In memory, we have: [_Py_slist_item, key_hash, key, data] where key size is table->key_size bytes (not stored in each table entry, only in the stable).

Pointer to key and data is computed with these macros:

#define _Py_HASHTABLE_ENTRY_PKEY(ENTRY) \
        ((const void *)((char *)(ENTRY) \
                        + sizeof(_Py_hashtable_entry_t)))

#define _Py_HASHTABLE_ENTRY_PDATA(TABLE, ENTRY) \
        ((const void *)((char *)(ENTRY) \
                        + sizeof(_Py_hashtable_entry_t) \
                        + (TABLE)->key_size))

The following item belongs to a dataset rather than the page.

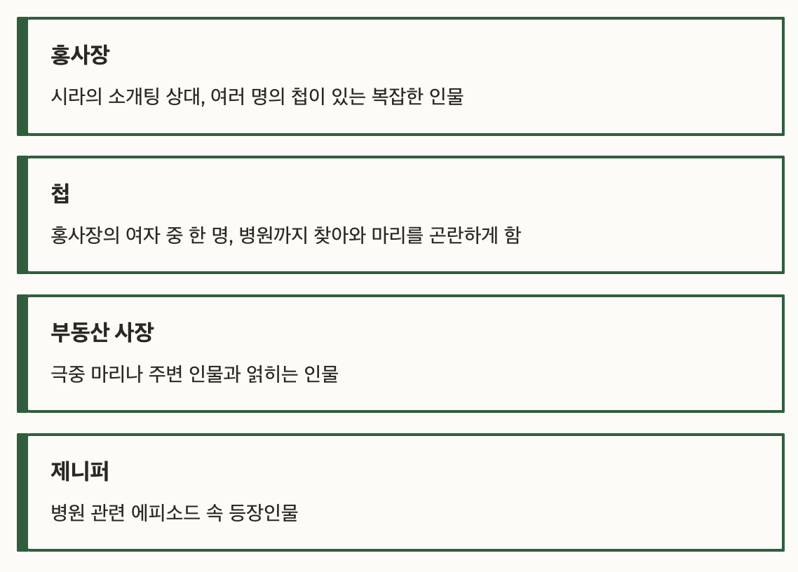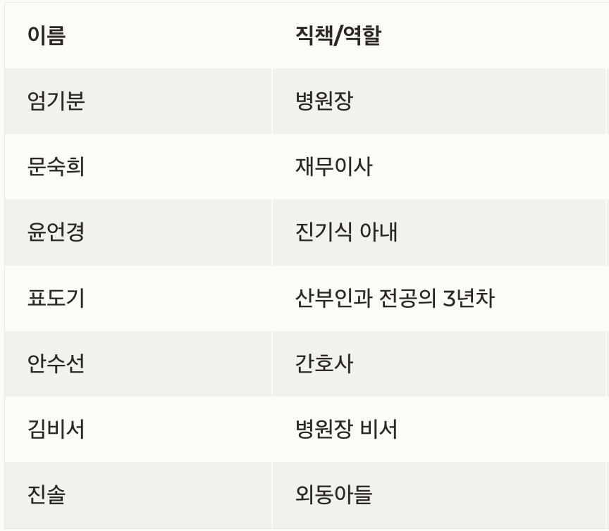 | 김비서 | 병원장 비서 | 소소하지만 중요한 연결고리 역할 |

But this approach is more annoying to use, it requires to play with pointers and requires such ugly macros.
msg365466 - (view) Author: STINNER Victor (vstinner) * (Python committer) Date: 2020-04-01 13:42
> Undefined C behavior going beyond end of struct via a [1] arrays.

How is it an undefined C behavior? It works well in practice, no?
msg365472 - (view) Author: Serhiy Storchaka (serhiy.storchaka) * (Python committer) Date: 2020-04-01 14:09
AFAIK extern "C" only affects mangling of function names. Because of overloading in C++ you can have several functions with the same name, and to distinguish "int abs(int)" from "float abs(float)" the C++ compiler mangles function names, that makes them incompatible with C.
msg365539 - (view) Author: Pablo Galindo Salgado (pablogsal) * (Python committer) Date: 2020-04-02 00:36
> How is it an undefined C behavior? It works well in practice, no?

Famous last words ;)
msg365671 - (view) Author: Gregory P. Smith (gregory.p.smith) * (Python committer) Date: 2020-04-03 02:40
updates:

- extern "C" is indeed really only about linking so it has no bearing.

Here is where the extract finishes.